The Ghana Cocoa Board (COCOBOD) forms a ‘Cocoa Management System’ (CMS), this is a national database of cocoa farms and their owners.
The first tranche of a US$600 million syndicated loan secured from the consortium of international lenders led by the African Development Bank is received. They have used this funding to begin its first steps towards restructuring how cocoa farmers are supported.
The CMS will also capture information about products and service providers, their capacities and pricing, with the ultimate goal of matching them with the cocoa farms that need those products and services.
Currently, around 1,000 farmers data has been collected and they have been issued with Cocoa Identification Cards (CIC).
This was a prerequisite to establishing the CMS. The next step is to expand the database to cover the entire cocoa farming industry, comprising 673,377 identified farms, spread across 1,404,388.27 hectares of land, cultivated by approximately 800,000 households.
It will also gather information on purchasing clerks and their locations as well as service providers and production input provider, such as fertilizers and pesticides providers.

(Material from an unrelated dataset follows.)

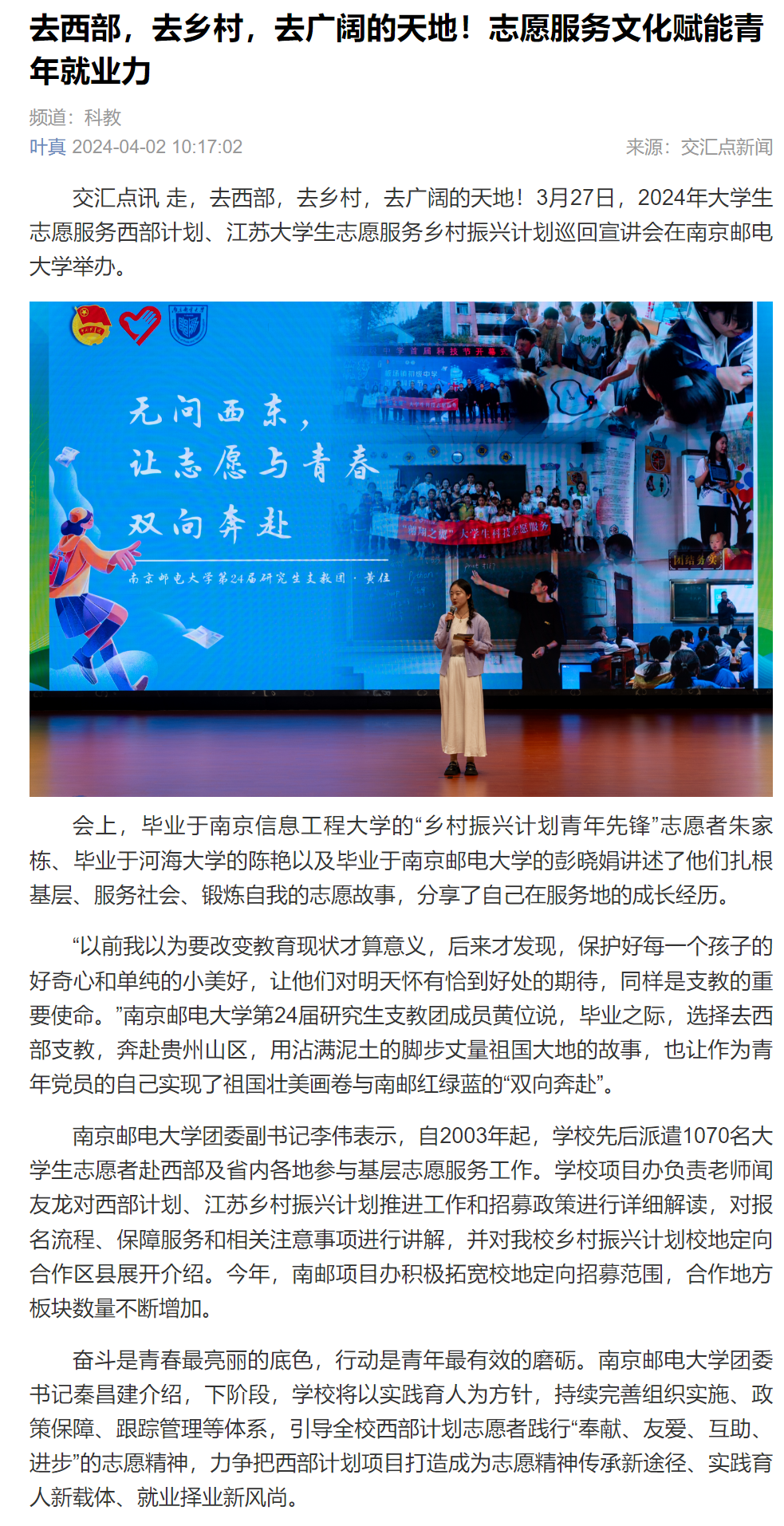 【新华日报客户端】去西部,去乡村,去广阔的天地!志愿服务文化赋能青年就业力

COCOBOD hopes to register data on 1.2 million individual farmers onto the system but it comes at a price. The exercise is expected to cost US$10.69 million and will be financed out of the US$200 million second tranche of the syndicated loan, which is scheduled to draw down during the last week in December this year.
Registered farmers are to be issued with Cocoa Identification Cards that will be linked to the National Identification System with cards becoming primary identification documents with which the farmers can access production inputs and extension services, initially from the state at subsidized rates but ultimately from private enterprises on commercial terms.
Registration onto the CMS will provide confidence to private suppliers providing the farmers with products and services on credit terms and will provide commercial lenders’ confidence in providing short term credit financing towards production.
The CMS will be able to match farms and the providers of their production input, extension service and financing needs, with registration on the database serving as an assurance that financial, input and service credit can and will be repaid from revenues earned from eventual cocoa bean sales.